Patrick Imesch; David Scheiner; Min Xie; Daniel Fink; Erwin Macas; Raghvendra Dubey; Bruno Imthurn

doi:10.1186/1757-2215-6-30

Developmental potential of human oocytes matured in vitro followed by vitrification and activation

J Ovarian Res. 2013 Apr 18:6:30. doi: 10.1186/1757-2215-6-30. eCollection 2013.

Authors

Patrick Imesch¹, David Scheiner¹, Min Xie², Daniel Fink¹, Erwin Macas², Raghvendra Dubey², Bruno Imthurn²

Affiliations

¹ Department of Gynecology, University Hospital Zurich, Frauenklinikstrasse 10, Zurich, CH-8091, Switzerland.
² Division of Reproductive Endocrinology, University Hospital Zurich, Zurich, CH-8091, Switzerland.

Abstract

Background: Oocyte in vitro maturation (IVM) and cryopreservation at the time of routine ovarian tissue freezing may be offered to cancer patients as an additional option for fertility preservation. This study aimed to investigate the developmental capacity of oocytes isolated from unstimulated ovaries.

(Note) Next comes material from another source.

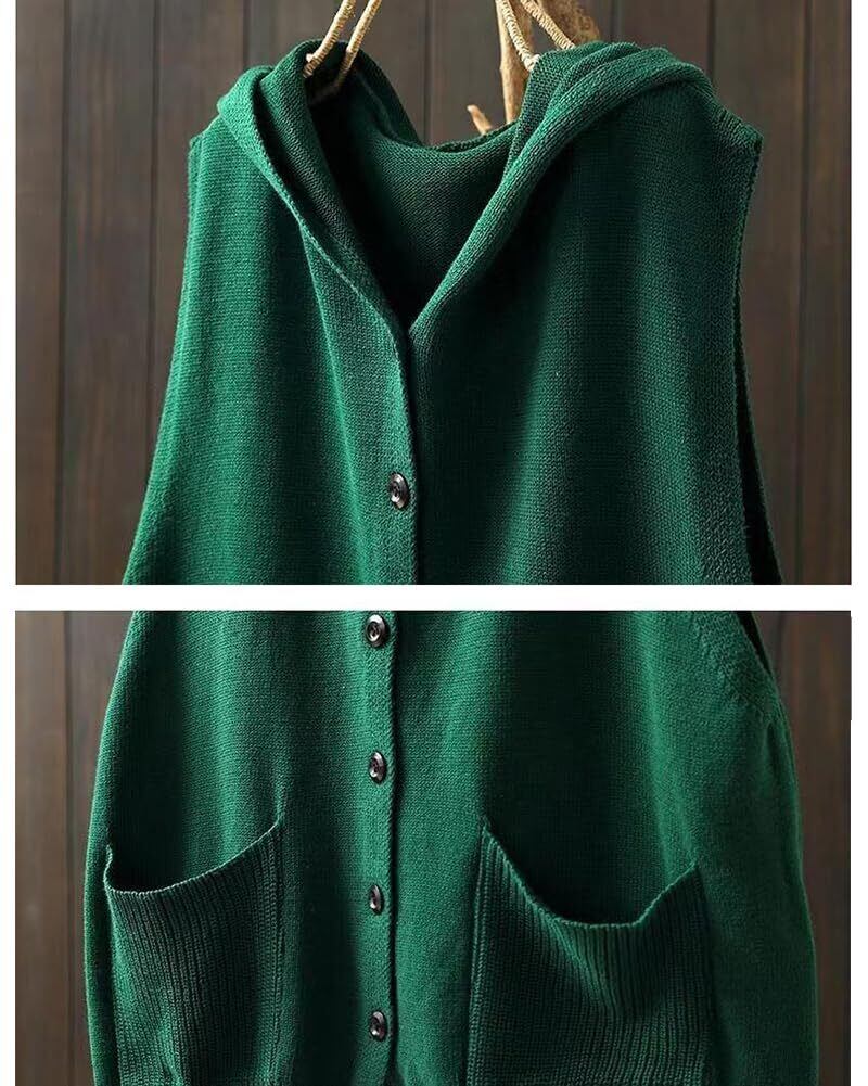 【在庫セール】[ASARANS] ベスト ニットベスト フード付き レディース ニット トップス ノースリーブ ポケット付き ゆったり 大きいサイズ 秋冬 重ね着 無地 可愛い カジュアル

Methods: Immature oocytes (n = 63) from seven consenting premenopausal patients were analysed. Oocytes were collected during routine laparoscopic examination with biopsy of an ovary (cystic adnexal mass, n = 3; cervical adenocarcinoma, n = 2) or oophorectomy (sex reassignment surgery, n = 2) without previous stimulation of the ovaries. The stage of the patient's menstrual cycle was not considered. Oocytes in all visible antral follicles were aspirated from ovaries, cultured in IVM medium and vitrified at the MII stage before being kept in liquid nitrogen for at least one month. After warming, oocytes were subjected to parthenogenetic activation by chemical stimulus. Their further development was recorded at intervals of 24 hours for up to 6 days of culture.

Results: 61.9% of oocytes matured in vitro within 48 hours. The survival rate after vitrification and warming was 61.5%. A total of 75% of surviving oocytes were able to respond to artificial activation, 44.4% of the parthenotes developed to early embryonic stage. However, only 1 in 18 (5.6%) of the resulting embryos reached blastocyst stage.

Conclusions: Oocytes matured in vitro from unstimulated ovaries seem to have limited developmental potential after cryopreservation and artificial activation. Although the outcome of IVM for non-stimulated oocytes is poor, it is currently the only chance besides cryopreservation of ovarian tissue for women for whom ovarian stimulation is not possible due to life circumstances. Based on our preliminary results, we suggest that the use of cryopreserved ovaries for fertility preservation in women with cancer warrants further investigation.

Keywords: Fertility preservation; In vitro maturation; Ovarian tissue; Parthenogenesis; Vitrification.